Central Improvement Co. v. Cambria Steel Co.

201 F. 811, 120 C.C.A. 121, 1912 U.S. App. LEXIS 2054
CourtCourt of Appeals for the Eighth Circuit
DecidedOctober 22, 1912
DocketNos. 3,489, 3,490
StatusPublished
Cited by27 cases

This text of 201 F. 811 (Central Improvement Co. v. Cambria Steel Co.) is published on Counsel Stack Legal Research, covering Court of Appeals for the Eighth Circuit primary law. Counsel Stack provides free access to over 12 million legal documents including statutes, case law, regulations, and constitutions.

Bluebook
Central Improvement Co. v.
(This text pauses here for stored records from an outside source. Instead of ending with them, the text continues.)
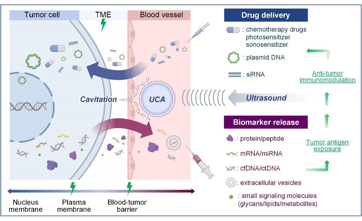 体外施加的超声能量可以无创聚焦于体内肿瘤区域。超声联合微纳声敏剂可以通过空化效应打开肿瘤内多级生物屏障(细胞膜、血管壁和肿瘤微环境),从而创造出向肿瘤内递送药物和向肿瘤外释放标志物的重要双向通道。团队在声学领域排名第一的期刊Ultrasonics Sonochemistry(中科院大类一区,TOP期刊,IF: 9.336)发表了题为“Barrier-breaking effects of ultrasonic cavitation for drug delivery and biomarker release”的综述论文。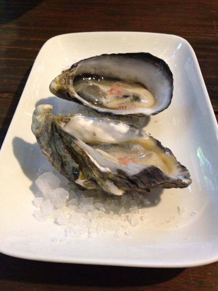 I had pretty much committed the menu to memory and knew that oysters were up first. Half Shell Oysters, Finger Limes. I wouldn’t say I’m a confident oyster eater. Any attempts are still fairly tentative and conditions have to be fairly perfect for me to sing their praises. I took the smaller of the pair and used my fork to carefully loosen the oyster before I elegantly flip topped my head to eat it. As it was, I put my fork in my mouth after fiddling with the shell and was overwhelmed by the strong flavour. I knew I couldn’t eat it so I gave mine to GG. He ate it and he noted he would have preferred if they were served a lot colder. So he didn’t eat the second.
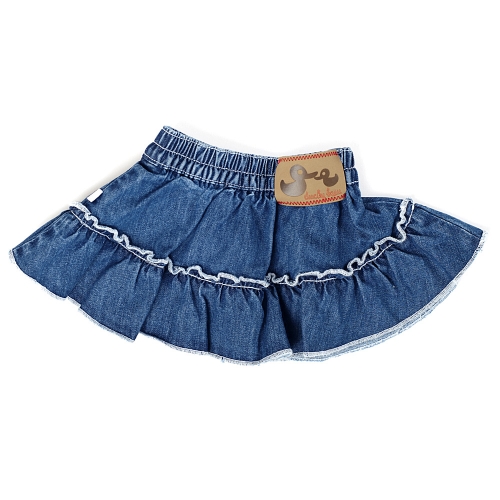 Entzückender, weicher Jeans Rüschen-Rock, abgesetzte Kontrastnähte, Bundweite regulierbar, vielseitig zu kombinieren.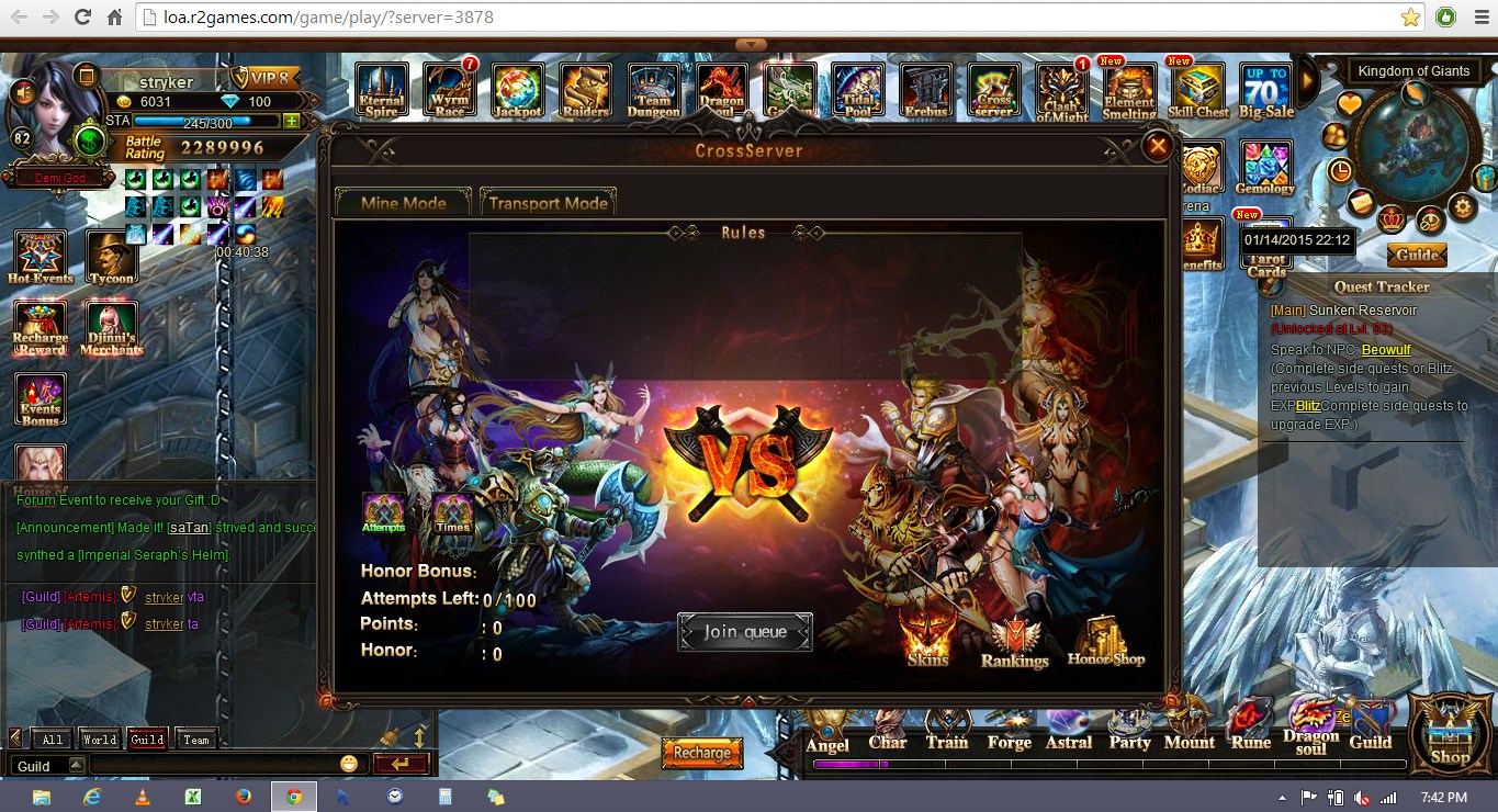 can not get into cross server gets to go in and then stops and freezes up server no. s225 shadow downs league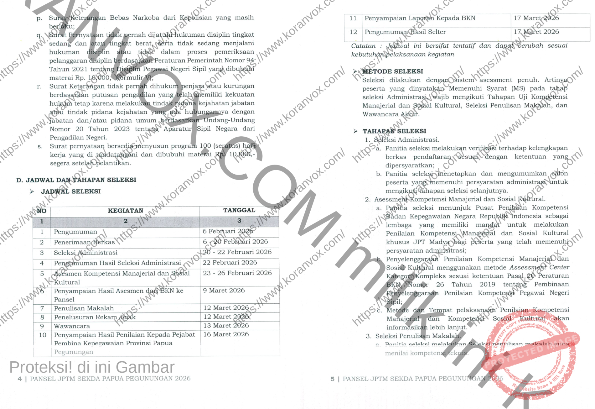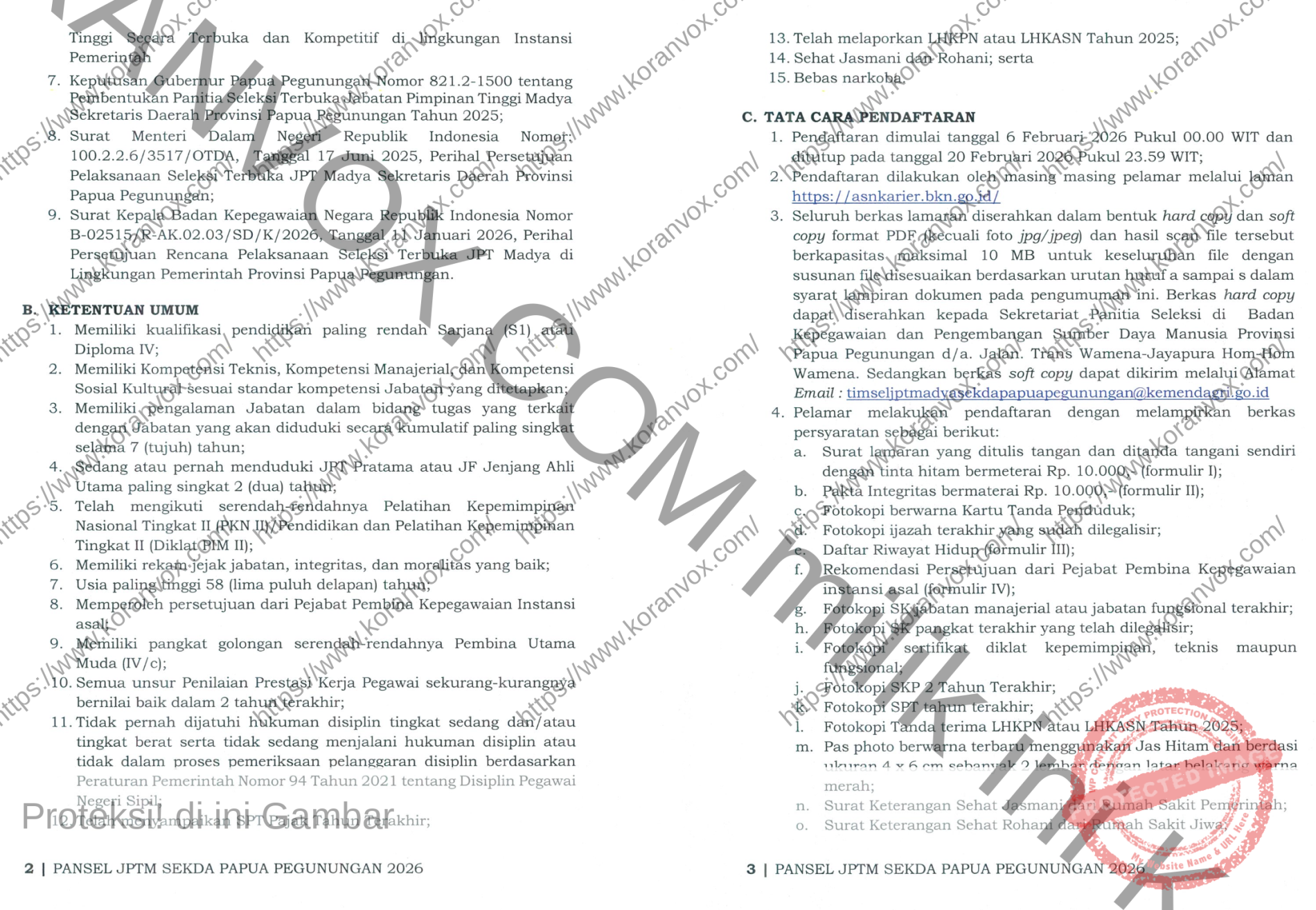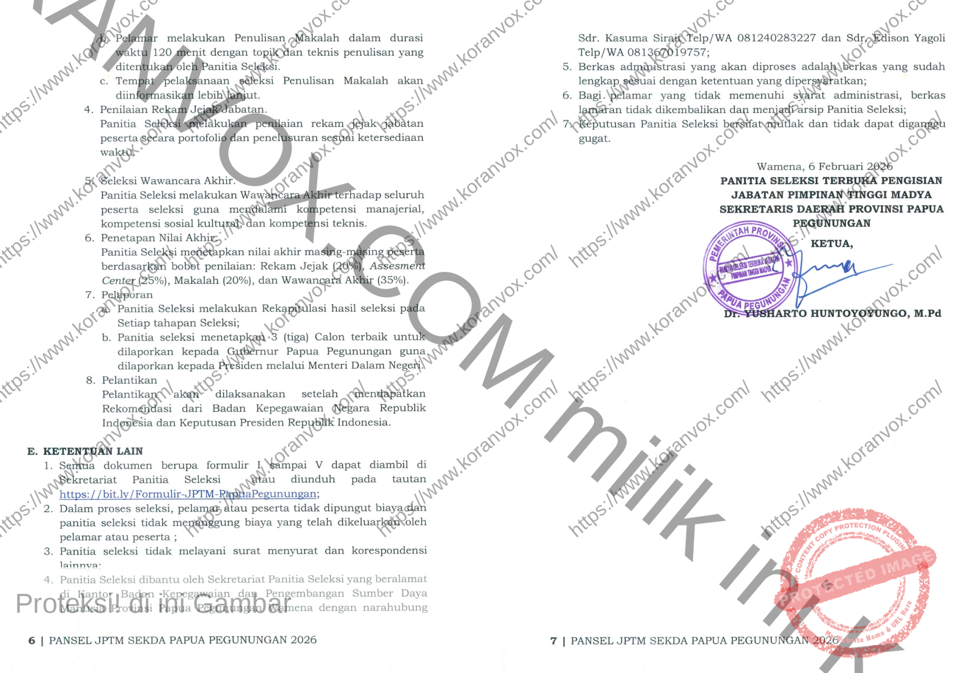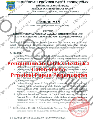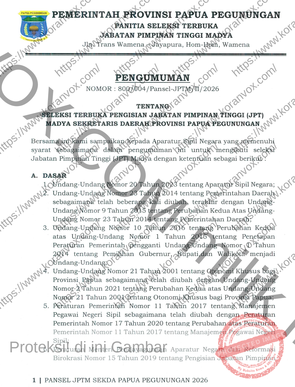 Pengumuman tersebut tertuang dalam Surat Nomor: 800/004/Pansel-JPTM/II/2026 tentang Seleksi Terbuka Pengisian Jabatan Pimpinan Tinggi (JPT) Madya Sekretaris Daerah Provinsi Papua Pegunungan, tertanggal 6 Februari 2026, yang ditandatangani Ketua Pansel Dr Yusharto Huntoyoyungo, M.Pd.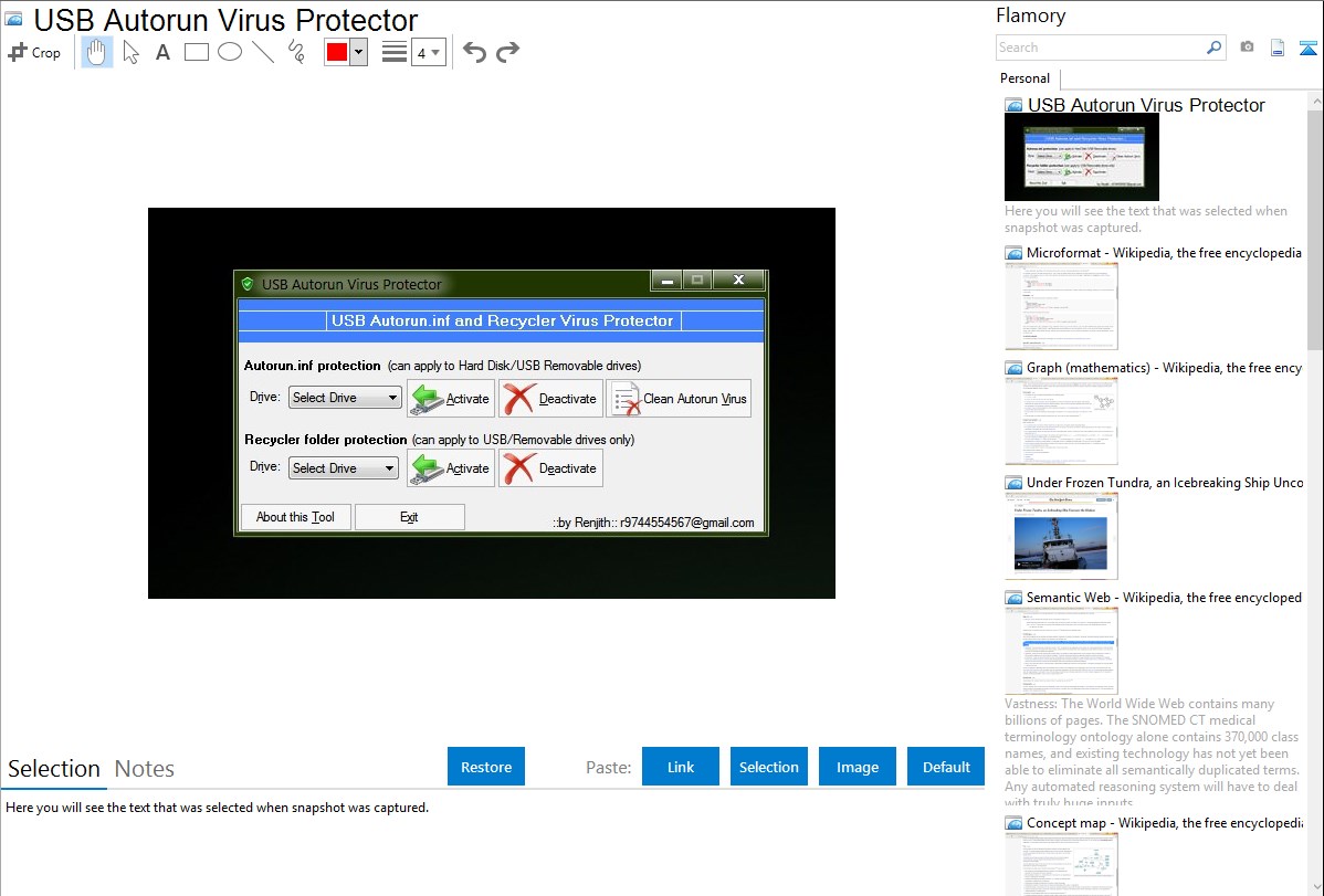 Flamory helps you capture and store screenshots from USB Autorun Virus Protector by pressing a single hotkey. It will be saved to a history, so you can continue doing your tasks without interruptions. Later, you can edit the screenshot: crop, resize, add labels and highlights. After that, you can paste the screenshot into any other document or e-mail message.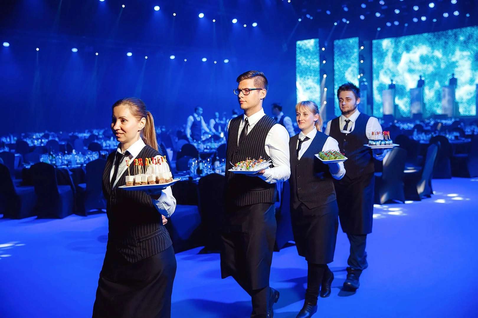 Экспертная команда. Шеф-повара, менеджеры проектов, координаторы, официанты, технический персонал — каждый участник команды отвечает за свой участок работы, обеспечивая безупречный результат.

Cambria Steel Co., 201 F. 811, 120 C.C.A. 121, 1912 U.S. App. LEXIS 2054 (8th Cir. 1912).

Opinion

WM. H. MUNGER, District Judge.

While the parties to these controversies are numerous, the questions involved upon the appeal require consideration only of acts of the following named companies, to wit: The Cambria Steel Company, which, for convenience, will herein be designated “Cambria Company”; Kansas City, Pittsburg & Gulf Railroad Company, herein called “Gulf Company”; Port Arthur Channel & Dock Company, herein called the “Dock Company”'; Kansas City Suburban Belt Railroad Company, herein called the “Belt Company”; Kansas City Southern Railway Company, herein called the “Southern Company”; Guardian Trust Company, herein called the “Trust Company”; the Provident Life & Trust Company, herein called “Provident Company.”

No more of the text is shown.